Explaining how rising temperatures can hammer wildlife populations, Wolf noted that Maine’s moose population is in serious decline as the warming environment has allowed ticks that used to die off in winter to flourish year-round.
“They’ve got these ghost moose now, where these ticks are able to overwinter and produce large, large breakouts on moose and actually kill moose,” Wolf said. “You look at the tick densities, and there will be 30,000 ticks on a single moose.”
In New Mexico and the Southwest, climate models show the region facing more frequent and more severe drought in coming years, Wolf said. He noted that a recent federal study by Craig Allen, who leads the U.S. Geological Survey New Mexico Landscapes Field Station at Bandelier National Monument, predicted in a recent study that Arizona and New Mexico could lose more than 90 percent of their woodlands and forests by the end of this century.
“The current projections don’t say what’s going to happen with rainfall, but just these modest increases of a degree or two Celcius in air temperature, they significantly reduce soil moisture, which produces these huge changes in the ability of plants to thrive.” Wolf said.
Wolf said Allen’s work suggests that over the next 50 to 100 years, New Mexico and the Southwest as a whole will enter a period of permanent “megadrought.”
“And that affects food availability for all levels of the food web. It reduces plant growth, which reduces the ability of the secondary consumers, insects and other things to grow, which reduces the availability of food to small mammals and birds,” Wolf said. “And then you go up the food web to larger things and so you get a significant reduction in plant growth, just a wholesale change in the habitat types.”

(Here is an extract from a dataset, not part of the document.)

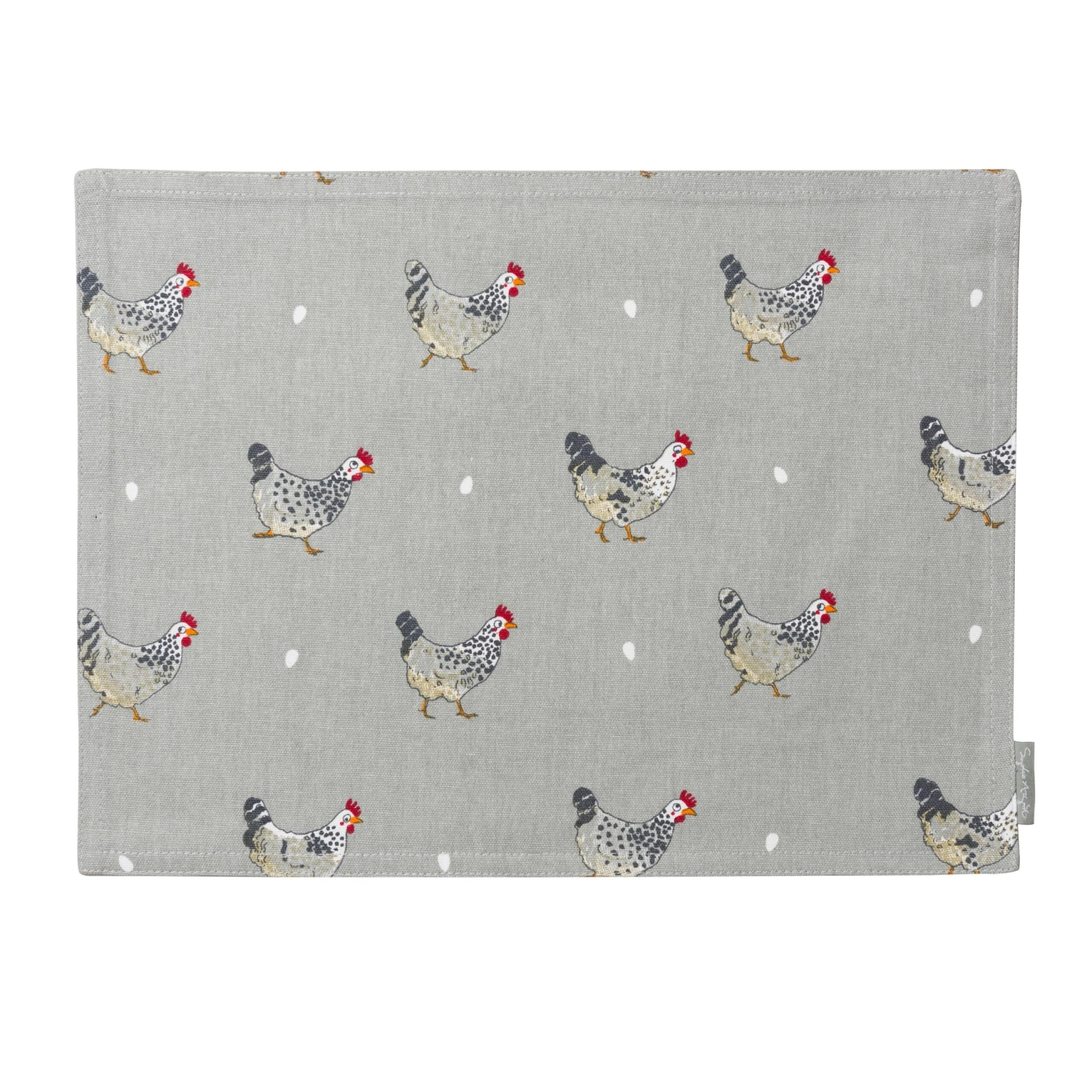 Decorate your dining or kitchen table with these wonderful Chicken fabric placemats, part of our Chicken collection. These placemats make it so easy to turn an ordinary breakfast, lunch or dinner into a slightly more special event. They’d also smarten up a summer dining table outside in a country garden. The sage grey placemat is covered with quirky Speckled Maran hens and a few white eggs and perfectly complements our Chicken fine bone china plates. The reverse of the placemat is plain sage grey.

Wolf received his undergraduate and master’s degrees from San Jose State University. He did his doctoral work at Arizona State University, studying how heat affects bird communities. He went to the University of Arizona where he looked at the importance of giant cacti to the wildlife community. He moved to UNM in 2000 and has been teaching and studying there for the past 19 years. He currently serves on the board of the New Mexico Wildlife Federation.

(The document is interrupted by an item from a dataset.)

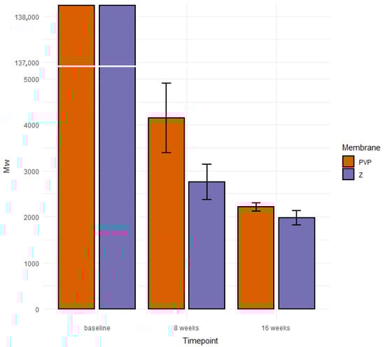 The GPC test was performed for 5 samples with “PVP” and 5 samples “Z” membrane 8 weeks after implantation; 3 samples with “PVP” and 3 samples “Z” membrane 16 weeks after implantation.

Wolf divides his time at UNM between research and teaching. He’s now working in the Mojave Desert, in portions of southern California and Nevada. Using surveys of bird, mammal and reptile populations that had been done up to 80 years ago, he said he’s able to use new surveys to gauge how climate has affected wildlife populations.

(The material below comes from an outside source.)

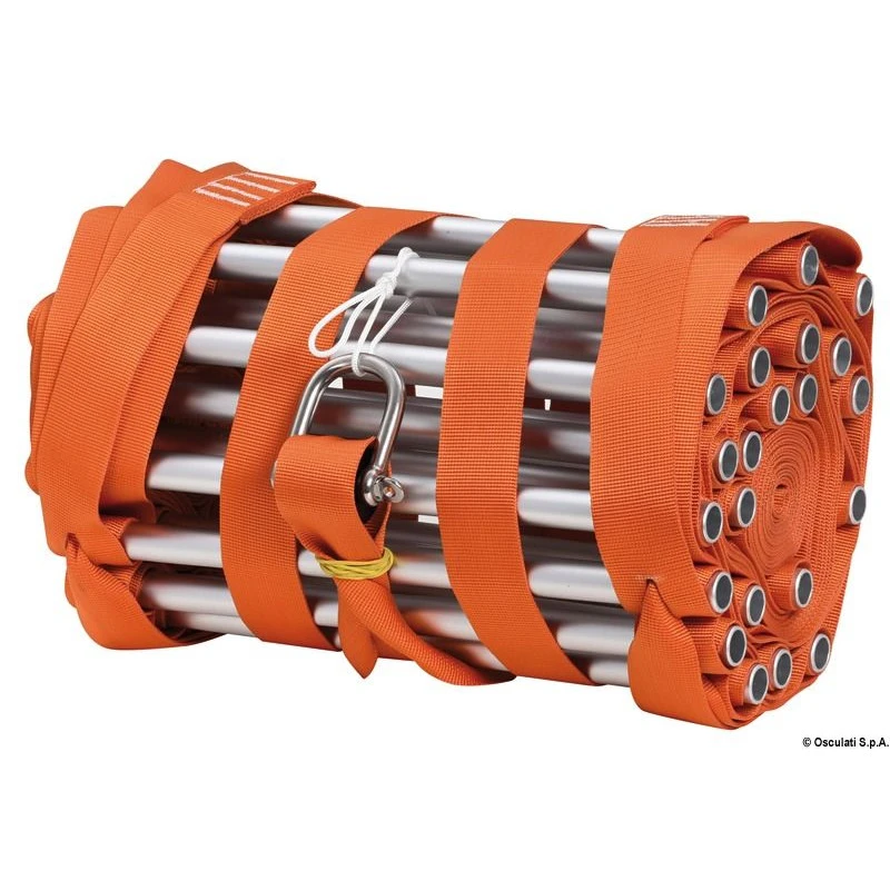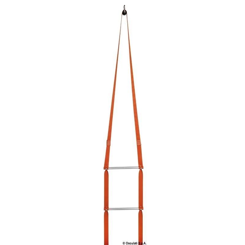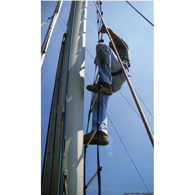 Questa scala anti-torsione è realizzata in nastro tessile e gradini in alluminio ed è dotata di registro antivibrazioni.

In addition to climate warming, other things have changed on the landscape as well, including increases in agricultural production and human population, Wolf said.
“You have to take into account all those things, but I think that for most birds in the U.S., we’re looking at declines of 30 to 50 percent in the last 40 years, for most bird species,” he said. “I think challenges for bigger wildlife, or game species, are many. One is just sheer habitat change, we’re finding that a lot of these habitats are changing more rapidly than the animals can cope with. So that’s a problem.”
Wolf said humankind is very close to being at point of no return on climate change.
“The science suggests that we’re headed on the train that’s going over the cliff,” Wolf said. “Basically we haven’t taken actions we need to take to mitigate what’s happening. We could significantly reduce our greenhouse gas emissions by increasing building efficiency, going to solar on every new home that’s built. There’s a whole variety of things we could be doing, but we’re not doing any of it. And right now we’ve got a climate denier in the White House who didn’t even go to to the climate portion of the G7 Summit.”
Wolf said he’d like to tell a more hopeful story and will include in his talk some things people can do to mitigate climate change. “But we are bracingly close to going off the cliff,” he said.